China has again overtaken the US to become Germany’s top trading partner, thanks to a rise in imports to Germany in the first three quarters of 2025.
This comes amid tariff tensions with both countries, albeit with Donald Trump’s trade policies probably getting the most attention, and as German exports to both the core markets falter. Car sales suffered in particular.
What were the core figures?
The government’s statistics office, Destatis, published corrected data on Wednesday showing a total trade volume with China of €185.9 billion (roughly $215 billion) between January and September. That’s an increase of 0.6% compared to the same period last year.
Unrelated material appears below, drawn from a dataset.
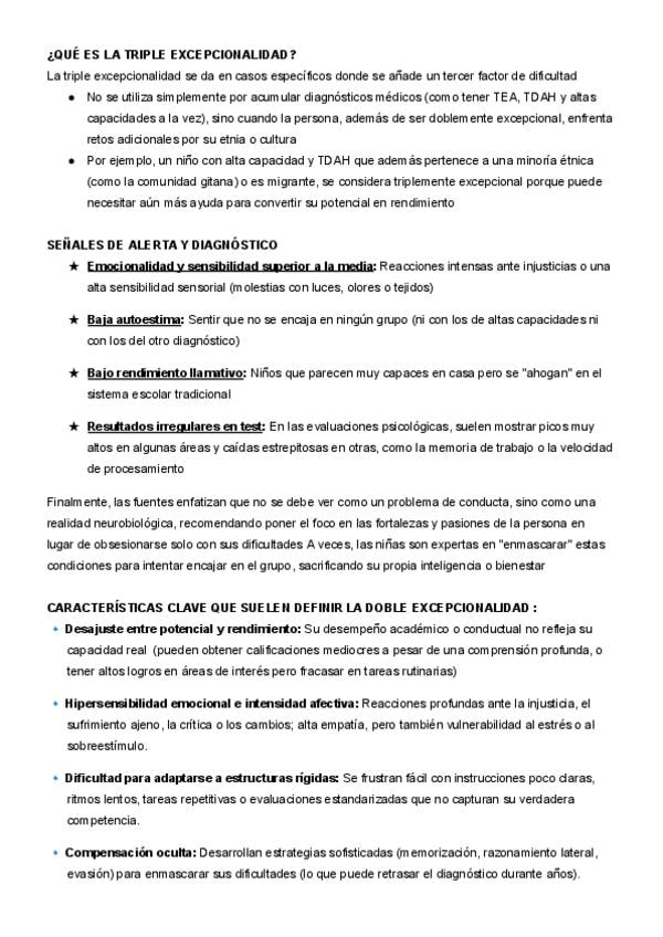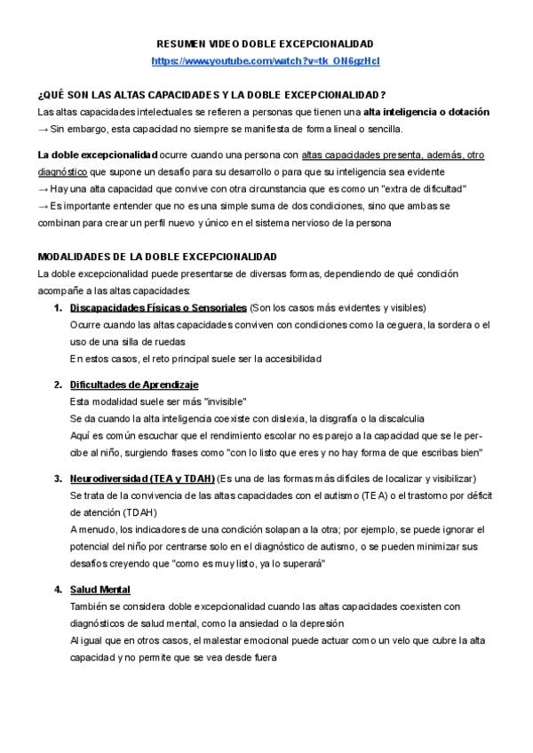 resumen completo de los puntos más importantes del video de la doble excepcionalidad

Meanwhile, trade with the US was down 3.9% compared to the first nine months of 2024, standing at €184.7 billion.
China had usurped the US as Germany’s largest trade partner in 2016 and then stayed there consistently, until it lost the top spot last year.
Imports to Germany from both countries rose, by 2.8% in the case of the US but by 8.5% from China.
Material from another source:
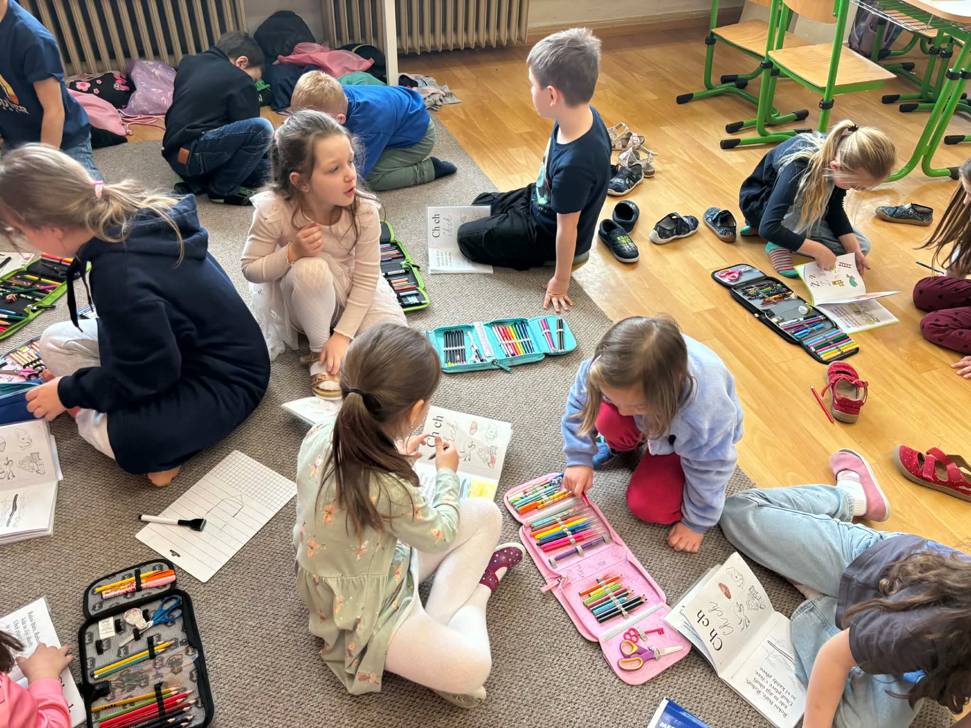 Třída Želviček dnes navštívila 1. třídu v ZŠ Jubilejní. Pro děti to byla skvělá příležitost nahlédnout do školního prostředí a vyzkoušet si, jak probíhá skutečná výuka.

Meanwhile, the value of German exports fell in both directions, down 12.3% to China and down 7.8% to the US.
But the US remains a more lucrative export market for Germany overall, with sales worth €112.7 billion compared to €61.4 billion — meaning Germany still has a trade surplus with the US and a trade deficit with China.
Indeed, the second most prolific importer of products to Germany is not the US, but the neighboring Netherlands, with just a slight edge over the US in third.
Further signs of car trade collapse
Exports of German cars and car parts fell much more sharply, amid tariff disputes with both countries and as China’s fast-growing car industry continues to deal with more and more of its high-end domestic demand itself, at the expense of manufacturers all over the world.
Sales to the US dipped by €3.6 billion, or 13.9%, amid the introduction of higher 15% tariffs for imports from the EU, and after a brief period where the tariffs rose from less than 3% to roughly 27.5% in the first half of the year after Trump’s return.
Meanwhile, sales to China dipped by €6.1 billion, or 35.9%. This comes as the EU and China wrangle over the high tariffs put on Chinese electric vehicle sales in Europe.